# Ending on a high note



## Beret (May 22, 2013)

Had our last dock jumping comp of the season this weekend, and Garp seriously worked it.

Set a new personal best of 21' and consistently hit over 20' every jump, caught the bumper twice (first time EVER getting a catch in competition), and took 3rd in Masters.

So I'm pretty proud of this nugget. Who is now is post-sport-weekend coma, after WP on Saturday, dock diving Sunday, and nosework Monday.

Now we're stuck with no plans for upcoming trials which is a weird feeling.
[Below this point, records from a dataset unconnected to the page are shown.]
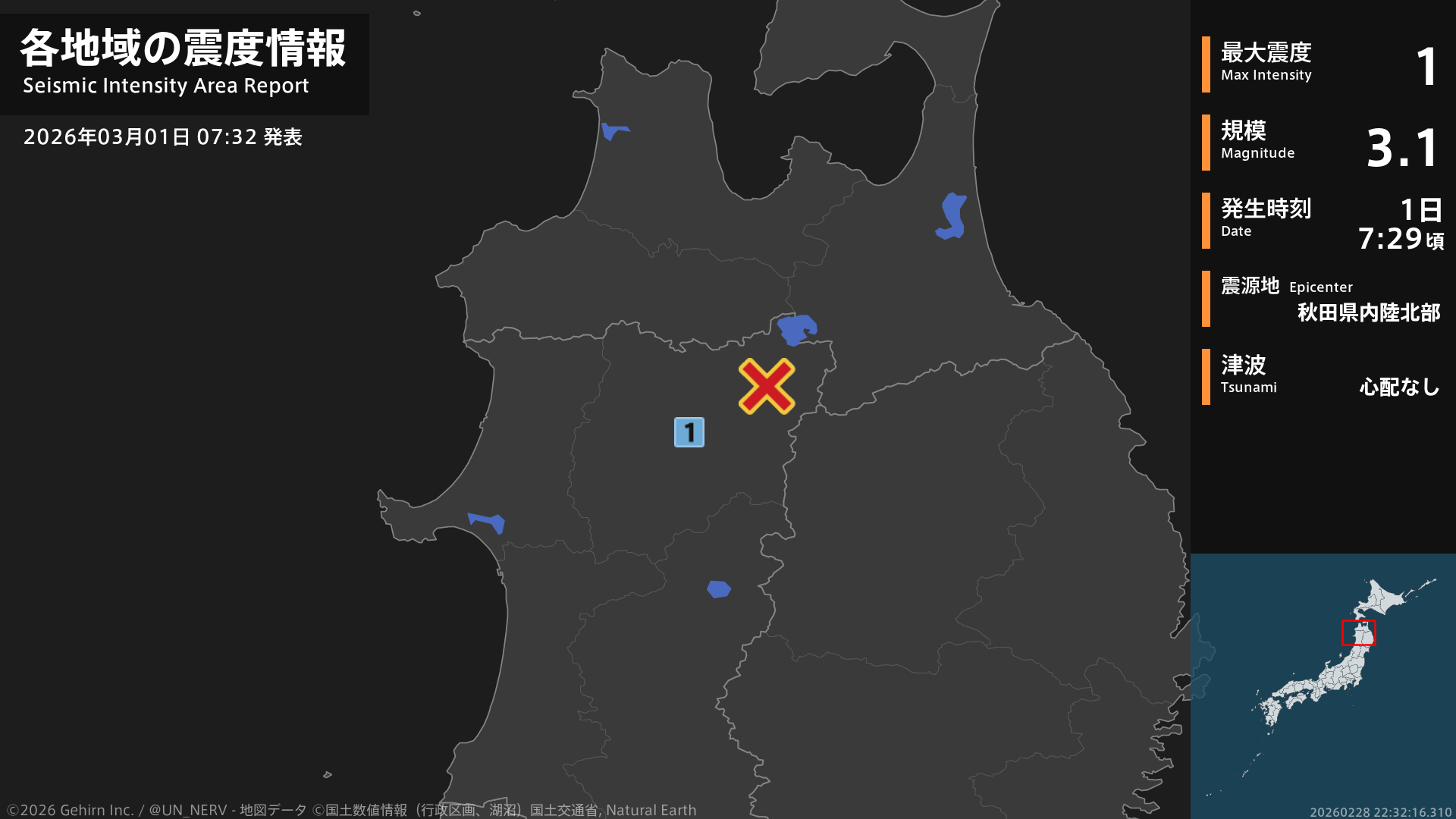 【緊急地震速報 第1報 2026年3月1日】
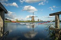 Aan het water zijn er verschillende windmolens in Kinderdijk in Nederland
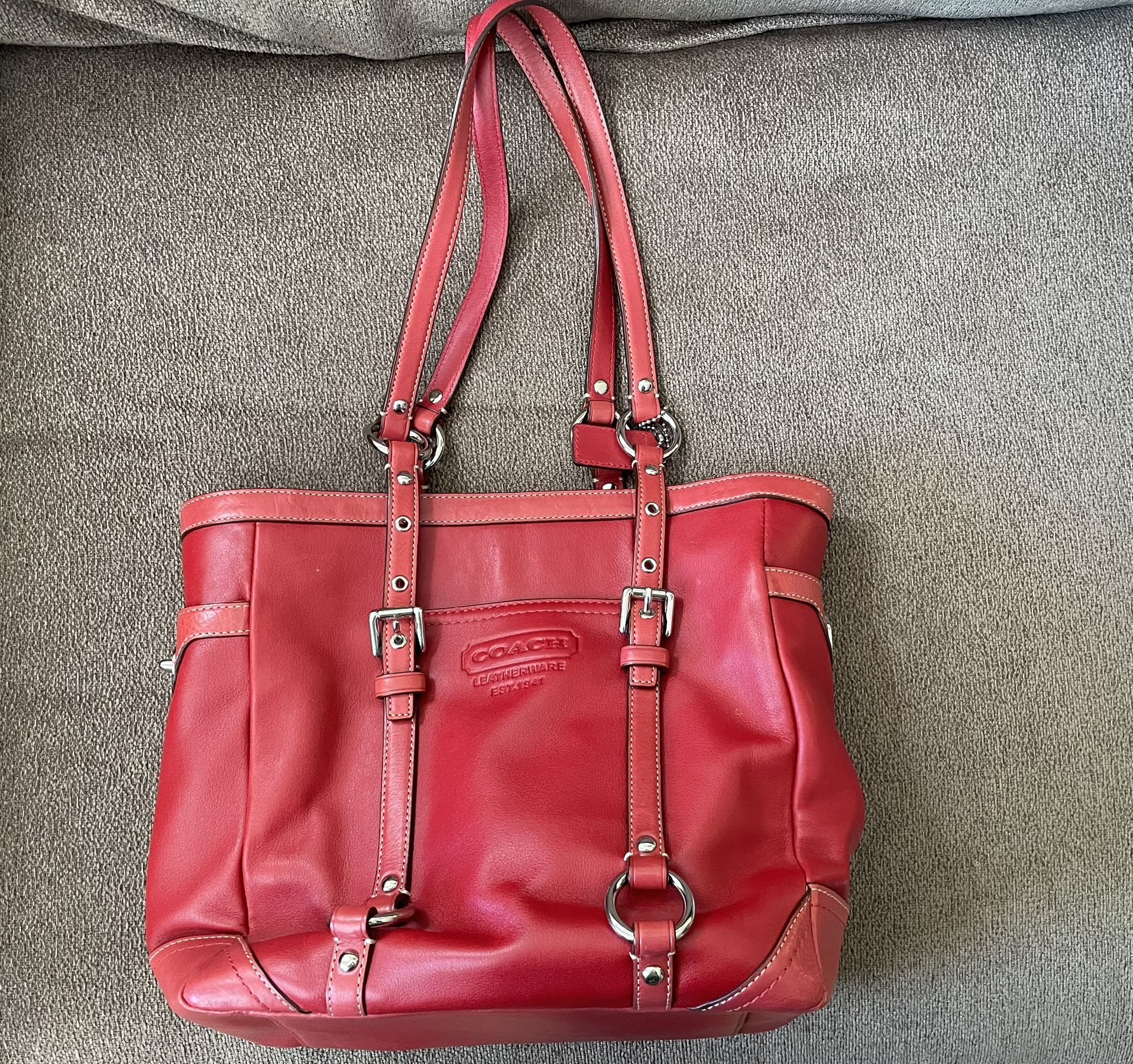 Preowned Coach Gallery lunch tote in red. Genuine leather, good condition, but see last photo for some discoloration marks on inside top of bag. Smoke free home. Flat bottom, zippered top, side pockets and inside pockets and pouches.

But I'm sure that will change 

Oh, and this weekends averages should place him 2nd in his breed worldwide now (in the DDWW venue).

Probably more pictures to come.


----------



## TeamCourter (Oct 22, 2013)

Awesome Job!


----------



## gumbo1 (Sep 1, 2012)

Excellent! ! What a wonderful way of representing our breed !


----------



## ThaLadyPit (Oct 12, 2008)

Congratulations to you and Garp!! Love seeing his happy faces in the action shots!


----------



## mccoypitbulls (Nov 26, 2009)

Hell yeah.well done.great pictures.great form.


----------



## ames (Jun 6, 2010)

so cool! Such great news and that last picture is AMAZING!!!!! lol


----------



## jttar (Jan 31, 2013)

Congratulations to you both! Fantastic pictures of Garp in action. He is so fit. Love the intensity in his face in that last picture. Looking forward to any new pictures. Thanks for sharing your excitement with us.

Joe


----------